• Supplied material:
╔══

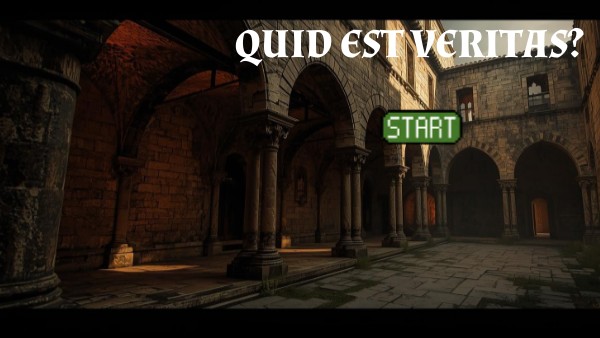 «Benvenuti, o cercatori della Verità.Finalmente siete giunti… vi attendevo da tempo. Le antiche mura di questo monastero hanno udito il vostro nome sussurrato dal vento, poiché siete stati scelti per un compito nobile e arduo. Come già vi dissi nella mia lettera, una sfida vi attende. Solo chi avrà cuore puro, mente vigile e spirito saldo potrà sostenerla. Se davvero desiderate conoscere che cosa sia la Veritas, dovrete attraversare le prove disseminate in questi luoghi di luce e d’ombra. E quando avrete sciolto ogni enigma e svelato ogni segreto, solo allora potrete rispondere alla mia domanda… “Quid est veritas?” — Che cos’è la Verità? Solo chi risponderà con saggezza potrà varcare di nuovo la soglia e tornare libero. Siete pronti, o viandanti dello spirito? Allora avanzate, e che la Luce vi accompagni nel vostro cammino.»
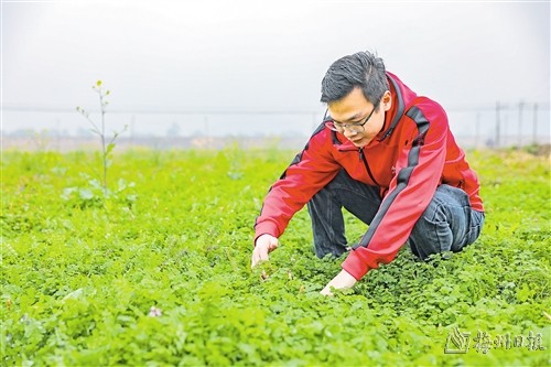 “最近氣溫低,紫云英生長(zhǎng)慢,等天氣暖和后一下子就躥上來(lái)了。”初春的蕉嶺縣新鋪鎮(zhèn)尖坑村下著蒙蒙細(xì)雨,900畝紫云英長(zhǎng)勢(shì)良好,陸續(xù)進(jìn)入花期。連日來(lái),農(nóng)技專家來(lái)到田間地頭,為當(dāng)?shù)剞r(nóng)戶講解紫云英等綠肥的種植技術(shù)。
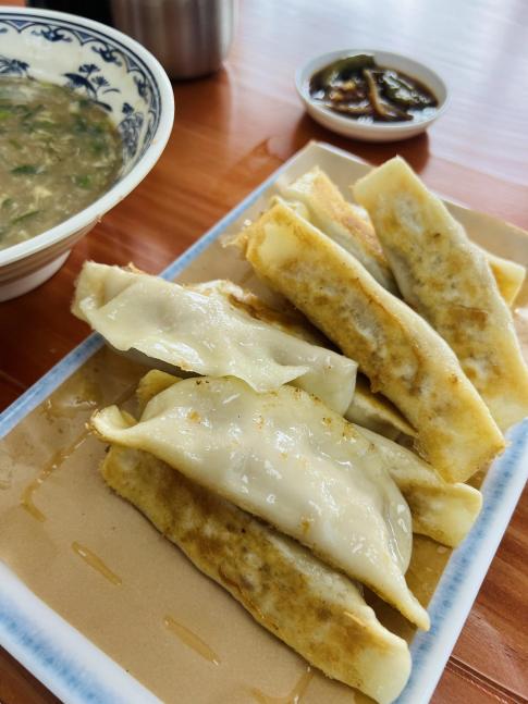 宽婆子海鲜锅贴,没有多余营销,全靠口味留住人。海鲜馅料新鲜扎实,拒绝添加多余调料,每一个都现包现煎,面皮筋道有嚼劲,煎至金黄不发硬,内里软嫩多汁,鲜而不腥。墨鱼馅是特色,Q弹紧实的墨鱼肉,裹着鲜香韭菜,咬开后鲜汁充盈。

╚══

• Problem to work on: Full transcription of the material, exact in every line, without images.

• Written solution:
 «Benvenuti, o cercatori della Verità.Finalmente siete giunti… vi attendevo da tempo. Le antiche mura di questo monastero hanno udito il vostro nome sussurrato dal vento, poiché siete stati scelti per un compito nobile e arduo. Come già vi dissi nella mia lettera, una sfida vi attende. Solo chi avrà cuore puro, mente vigile e spirito saldo potrà sostenerla. Se davvero desiderate conoscere che cosa sia la Veritas, dovrete attraversare le prove disseminate in questi luoghi di luce e d’ombra. E quando avrete sciolto ogni enigma e svelato ogni segreto, solo allora potrete rispondere alla mia domanda… “Quid est veritas?” — Che cos’è la Verità? Solo chi risponderà con saggezza potrà varcare di nuovo la soglia e tornare libero. Siete pronti, o viandanti dello spirito? Allora avanzate, e che la Luce vi accompagni nel vostro cammino.»
 “最近氣溫低,紫云英生長(zhǎng)慢,等天氣暖和后一下子就躥上來(lái)了。”初春的蕉嶺縣新鋪鎮(zhèn)尖坑村下著蒙蒙細(xì)雨,900畝紫云英長(zhǎng)勢(shì)良好,陸續(xù)進(jìn)入花期。連日來(lái),農(nóng)技專家來(lái)到田間地頭,為當(dāng)?shù)剞r(nóng)戶講解紫云英等綠肥的種植技術(shù)。
 宽婆子海鲜锅贴,没有多余营销,全靠口味留住人。海鲜馅料新鲜扎实,拒绝添加多余调料,每一个都现包现煎,面皮筋道有嚼劲,煎至金黄不发硬,内里软嫩多汁,鲜而不腥。墨鱼馅是特色,Q弹紧实的墨鱼肉,裹着鲜香韭菜,咬开后鲜汁充盈。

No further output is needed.